Pictures in the data below are not part of the copy; transcribe everything else exactly.

Data extract:
·····
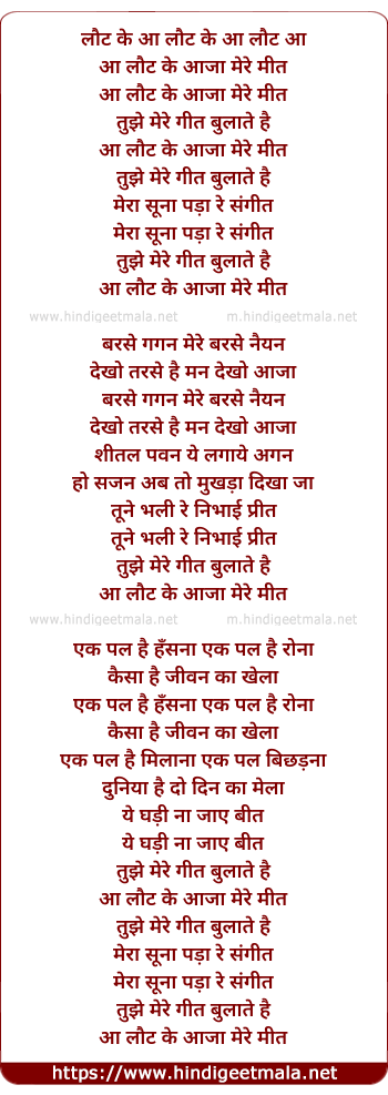 Lyrics of Laut Ke Aaja - लौट के आजा
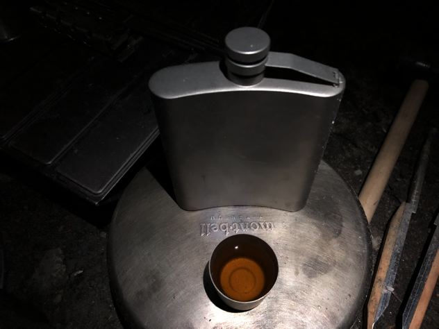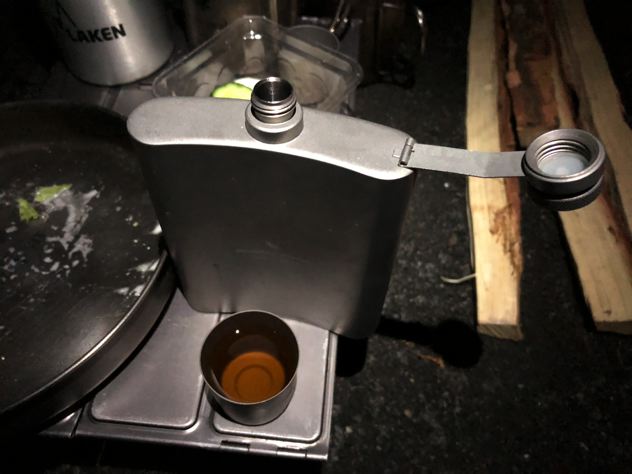色々やりながら、到着したてのチタンフラスコとチタンショットグラスでスコッチウイスキー!く〜っ!こここ、これは、うみゃ〜!
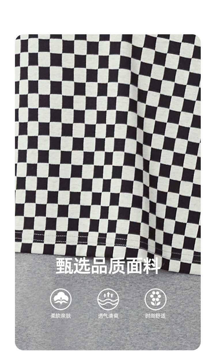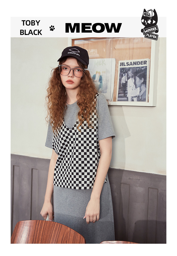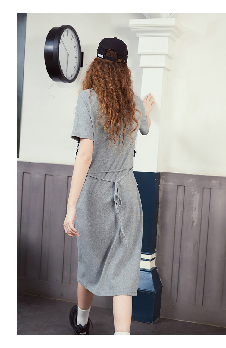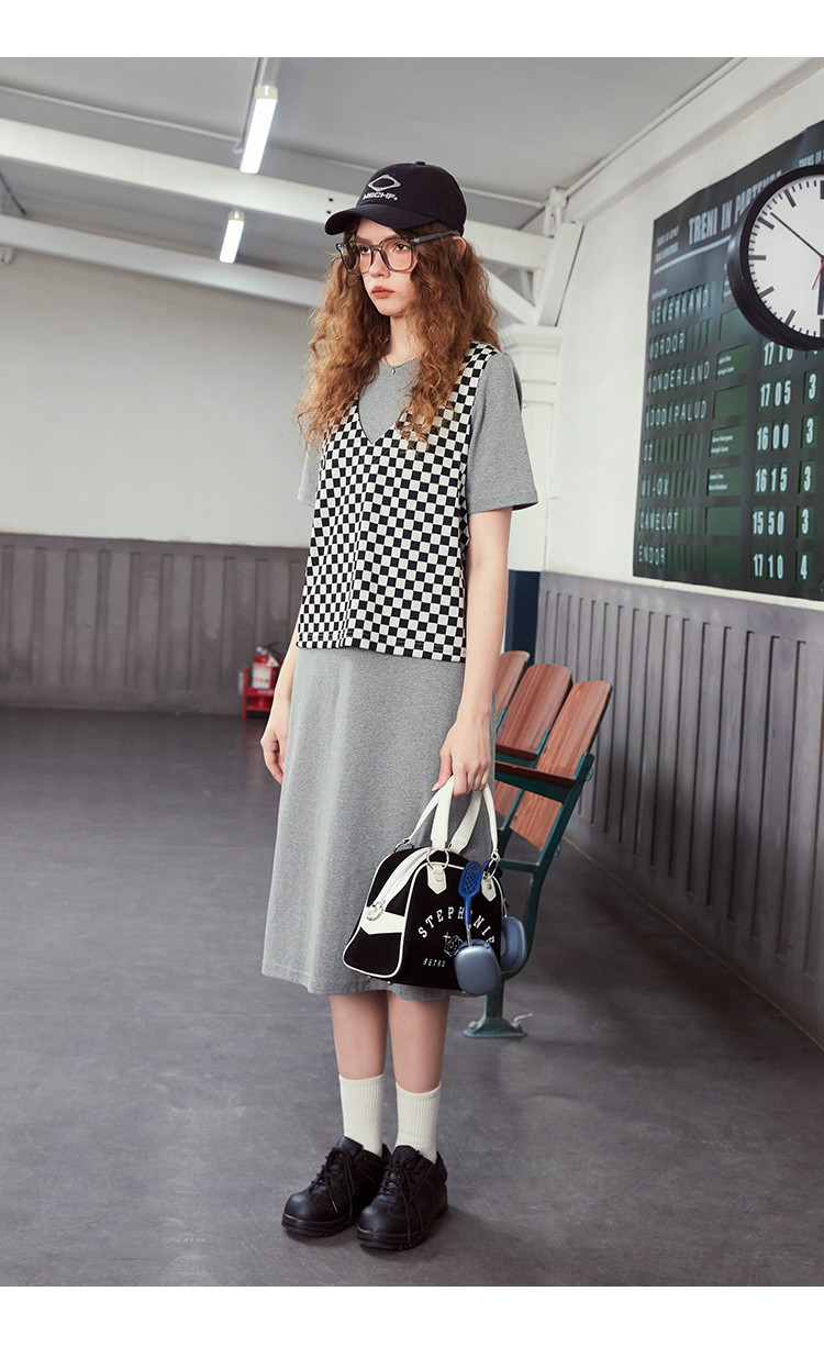 商品名称:夏季黑白格马甲拼接假两件中长款T恤裙休闲连衣裙 042717
·····
Output of the task:
 Lyrics of Laut Ke Aaja - लौट के आजा
色々やりながら、到着したてのチタンフラスコとチタンショットグラスでスコッチウイスキー!く〜っ!こここ、これは、うみゃ〜!
 商品名称:夏季黑白格马甲拼接假两件中长款T恤裙休闲连衣裙 042717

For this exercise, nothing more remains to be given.